# Here Kitty Kitty



## Chuck (Oct 10, 2009)

I am building a pet cemetery in the backyard and had to pick up some kitty bones. Of course a plain cat skeleton is just not good enough.

Here is Mittens ready to have some fun.


----------



## jdubbya (Nov 6, 2005)

Wow! That's a fantastic corpsing job right there! Looks great!


----------



## Hairazor (Mar 13, 2012)

Great makeover! Looks like something that would hang around a pet cemetery


----------



## Diabolik (Apr 19, 2007)

Fantastic details! You should start making and selling these. I'd buy one! I wish I had some of that talent. Unfortunately, I am a nuts and bolts person. He is going to look great in your display!


----------



## deathsreach (Oct 17, 2013)

Super impressive! I wanted to do something similar (only with black fur) but haven't had any luck finding one yet. There's always next year. Thanks for the inspiration!


----------



## colordglass (Sep 25, 2014)

Wicked cool!


----------



## bobzilla (Nov 13, 2008)

Very creepy!
Nicely done


----------



## Copchick (Apr 10, 2012)

Totally cool! I love Mittens!


----------



## RoxyBlue (Oct 6, 2008)

Ewww, gross:jol:


----------



## theundeadofnight (Aug 14, 2011)

That looks incredible . Love the "meat falling off of the bone" look .


----------



## Sytnathotep (Oct 10, 2011)

That is excellent! The short ratty fur patches really work for it, you have to share how you did it!


----------



## Bone Dancer (Oct 7, 2005)

An amazing job.


----------



## Chuck (Oct 10, 2009)

Thanks for the compliments everyone.



Sytnathotep said:


> That is excellent! The short ratty fur patches really work for it, you have to share how you did it!

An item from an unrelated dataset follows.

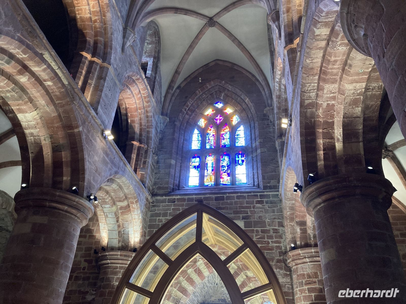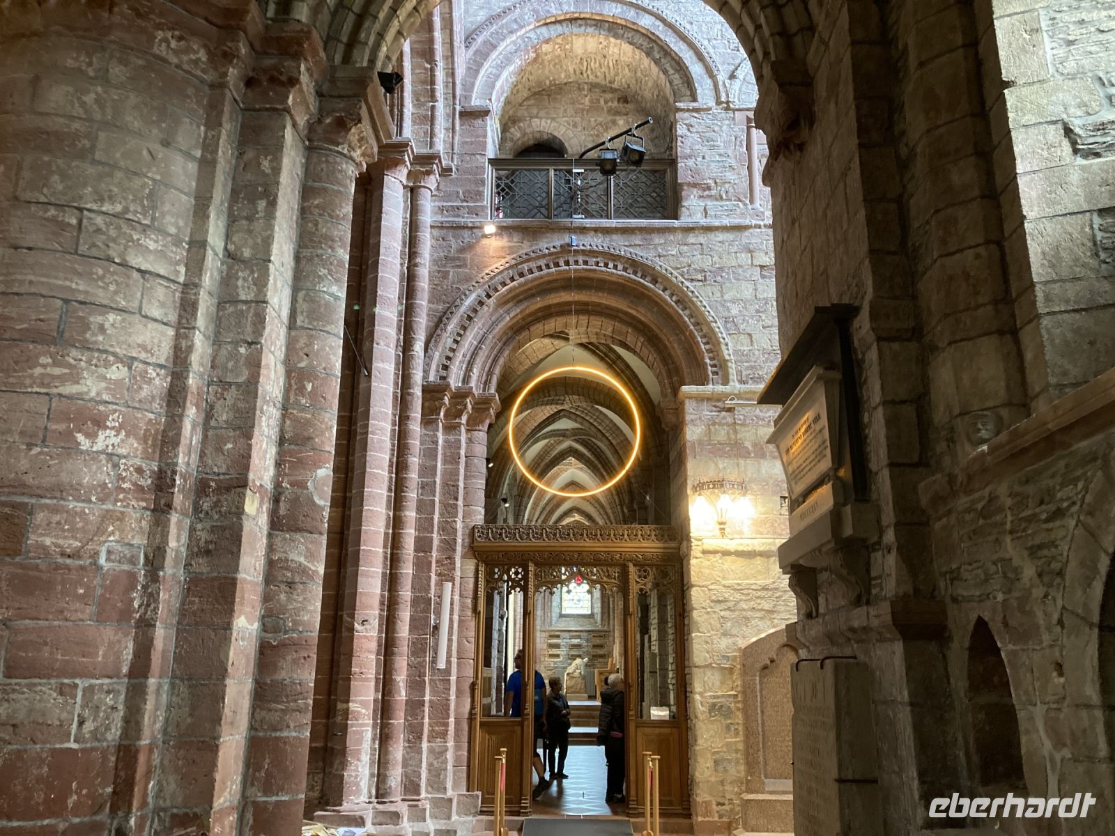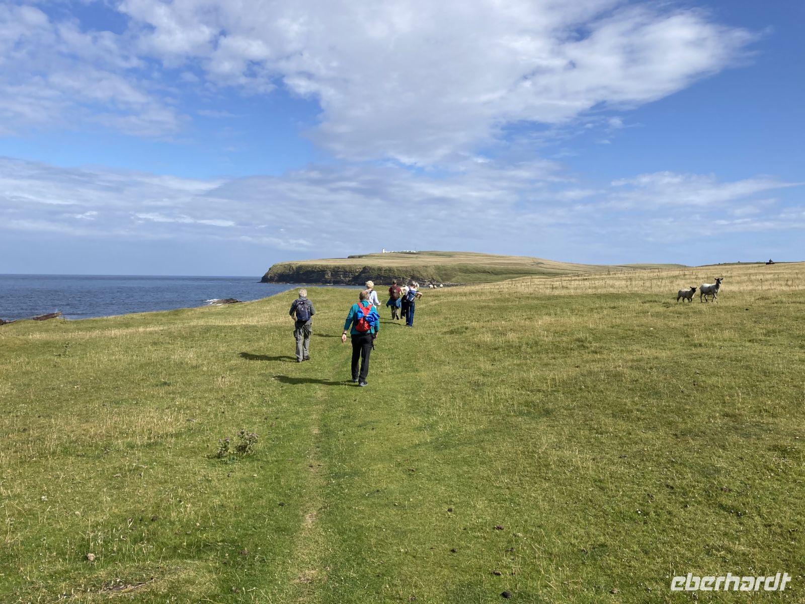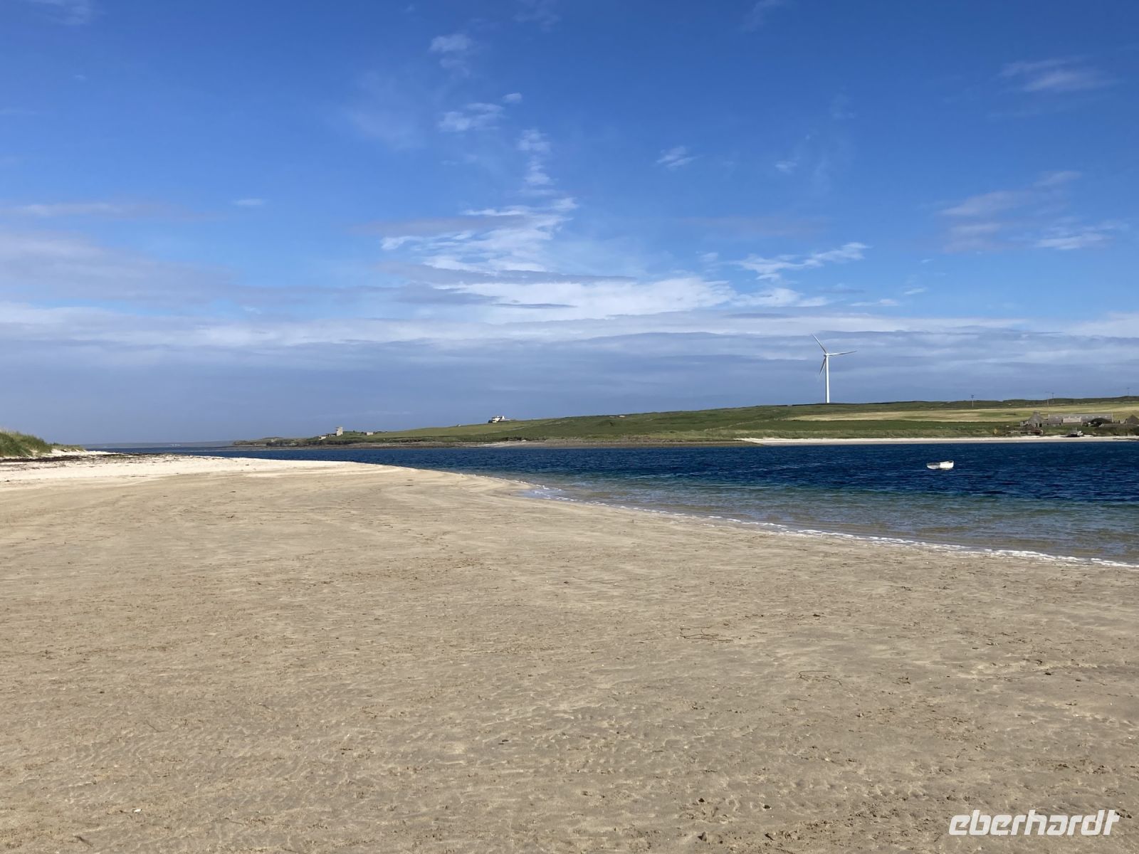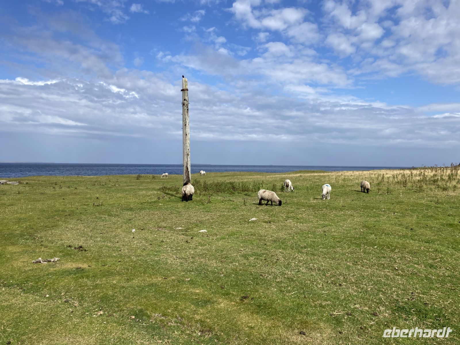 Nach der eindrucksvollen Überfahrt am gestrigen Tag sind wir schon sehr gespannt auf den heutigen Tag auf den Orkney-Inseln. Am Anfang steht ein sehr gutes Frühstücksbuffet im Stromness Hotel – und das macht gleich Freude auf mehr. Die Entfernungen sind zum Glück heute überschaubar, weshalb wir relativ schnell am ersten Ausflugsziel stehen, nämlich den Standing Stones of Stennes. Auch auf die Gefahr hin, 200 Jahre in der Vergangenheit zu landen, schauen wir uns den Steinkreis aus der Nähe an. Noch wesentlich größer und damit beeindruckender ist der Ring of Brodgar, den wir bei einem kleinen Spaziergang umrunden. Dank des tollen Himmels und Lichts sind auch hier wieder wunderschöne Fotos möglich. Beide Steinkreise gehören zum UNESCO-Weltkulturerbe „Heart of Neolithic Orkney“, dessen Zentrum das Steinzeitdorf Skara Brae bildet, in dem wohl auch die Erbauer der Kreise lebten. Bettkasten, Schrankwand, Wohnungstüren – gab es damals alles schon, wie wir uns während unseres Besuchs vergewissern, nur eben aus Stein. Da fühlen wir uns ein bisschen an Familie Feuerstein erinnert. Das benachbarte Skaill House, Wohnsitz der Lairds of Orkney, dürfen wir mit unserem Ticket ebenfalls besichtigen. Es bildet einen harten Kontrast zu den beengten Hütten aus der Jungsteinzeit, holt uns gleichzeitig aber langsam wieder in die Gegenwart zurück. Wir bleiben noch ein bisschen an der Westküste der Hauptinsel Mainland. Aufgrund des herrlichen Sonnenscheins mache ich mit meinen Gästen einen Überraschungsspaziergang zu den Klippen und Felsnadeln von Yesnaby. Auch Neil holt seine Kamera raus und kommt uns begeistert hinterher. Stundenlang könnten wir trotz des stürmischen Windes hier sitzen und zusehen, wie sich die Wellen an den Felsen brechen, doch die Orkneys haben noch viel mehr zu bieten! In Kirkwall, der Hauptstadt, machen wir eine späte Mittagspause im Stadtzentrum, die wir auch für einen Bummel durch die kleine Fußgängerzone mit hübschen Cafés und kleinen Geschäften nutzen können. Vor der großen St.-Magnus-Kathedrale treffen wir uns alle wieder und werfen einen Blick hinein in das „Licht des Nordens“. Die Gebeine des Heiligen, dem die Kirche geweiht ist, sollen sich sogar in einem Pfeiler neben dem Altar befinden. Am Nachmittag steht noch eine Panoramafahrt zu den Churchill Barriers auf dem Programm. Sie wurden während des 2. Weltkriegs auf Befehl Churchills erbaut, nachdem ein deutsches U-Boot in die Bucht von Skapa Flow eingedrungen war und dort die Royal Oak versenkt hatte, deren Schiffglocke wir übrigens eben erst in der Kathedrale gesehen haben. Heute stellen die Dämme eine wichtige Straßenverbindung zu den südlichen Inseln dar. Ganz unabhängig von der historischen Bedeutung gibt es in dieser Ecke der Inseln schöne Buchten und Strände. Mit der Ankündigung eines weiteren Fotostopps in einer Parkbucht auf leicht erhöhter Position mit Blick auf die Bucht von Skapa Flow locke ich meine Gäste aus dem Bus und zücke dann eine Flasche Highland Park Whisky, um mit ihnen unser Bergfest zu feiern, denn die Hälfte der Reise ist leider – wirklich leider – schon um. Anschließend beziehen wir unsere Zimmer im Orkney Hotel unweit der Kathedrale in Kirkwall, sodass wir uns von hier aus vor oder nach dem Dinner auch gut noch einmal die Beine vertreten können. Das Abendessen im Hotel ist wieder mal sehr gut, auch wenn das von mir als Hauptgericht gewählte Curry für meinen Geschmack etwas zu scharf geraten ist, was auch meine Gäste bemerken ...

The did the corpsing with plastic drop cloth. The fur is from a piece of fur fabric. Just cut the fur at odd angles and hot glue them down. I used american chestnut polyshades stain for the corpsing, and dry brushed it with a beige to bring the detail out. Be sure to get some of the stain onto the fur so that it really makes the hair look matted and blends it into the decaying skin.


----------



## Joiseygal (Sep 3, 2008)

Love it!!!!


----------



## drevilstein (Sep 17, 2013)

Fantastic job Chuck!


----------



## Headless (Sep 4, 2011)

OMG that is awesome - the only thing missing is the maggots...... LOL


----------



## Sytnathotep (Oct 10, 2011)

Chuck said:


> Thanks for the compliments everyone.
> 
> The did the corpsing with plastic drop cloth. The fur is from a piece of fur fabric. Just cut the fur at odd angles and hot glue them down. I used american chestnut polyshades stain for the corpsing, and dry brushed it with a beige to bring the detail out. Be sure to get some of the stain onto the fur so that it really makes the hair look matted and blends it into the decaying skin.


I thought it was plastic corpsing, my favorite technique. Thanks for the info, I'm so going to try this when I get back to the shop!

http://www.pinterest.com/pin/create/extension/


----------



## Pumpkin5 (Aug 8, 2010)

:jol: Meow-tastic! (tastes like chicken):zombie:


----------



## The-Hog-Flu (Oct 21, 2013)

Looks bad-ass!


----------



## SterchCinemas (Aug 22, 2011)

Eerily realistic. Will be a great addition to your pet cemetery!


----------



## Spooky1 (Aug 25, 2008)

That's looking almost too real.


----------



## darrylqmiller (Oct 22, 2012)

I not so sure thats a fake prop……….
Are the neighbors looking for their lost kitty???


----------



## The-Hog-Flu (Oct 21, 2013)

darrylqmiller said:


> I not so sure thats a fake prop&#8230;&#8230;&#8230;.
> Are the neighbors looking for their lost kitty???


It looks so real that it could have been found inside a dumpster in back of a Chinese restaurant.


----------



## donackos (Oct 2, 2014)

*Incredible job!!*

Awesome job! I'll have to keep my eye out for a cat skeleton.


----------



## Death's Door (Mar 22, 2006)

Awesome job!! I might be stealing that idea.


----------



## ATLfun (Oct 12, 2012)

I bet someone calls PETA on you. That is way too realistic.


----------



## IMU (Apr 8, 2009)

Yuck ... in a good way.


----------



## Chuck (Oct 10, 2009)

Thanks for the compliments everyone. Definitely one of favorite props this year and one of the easiest too. I had him sitting on my desk at home and few people came over this weekend. A few were quite disturbed. I think it is safe to say that I accomplished my goal.


----------



## scream1973 (Dec 23, 2007)

Very nice.. love it


----------



## LittleBlueBMW (Nov 4, 2010)

awesome job, I need to get in on this technique


----------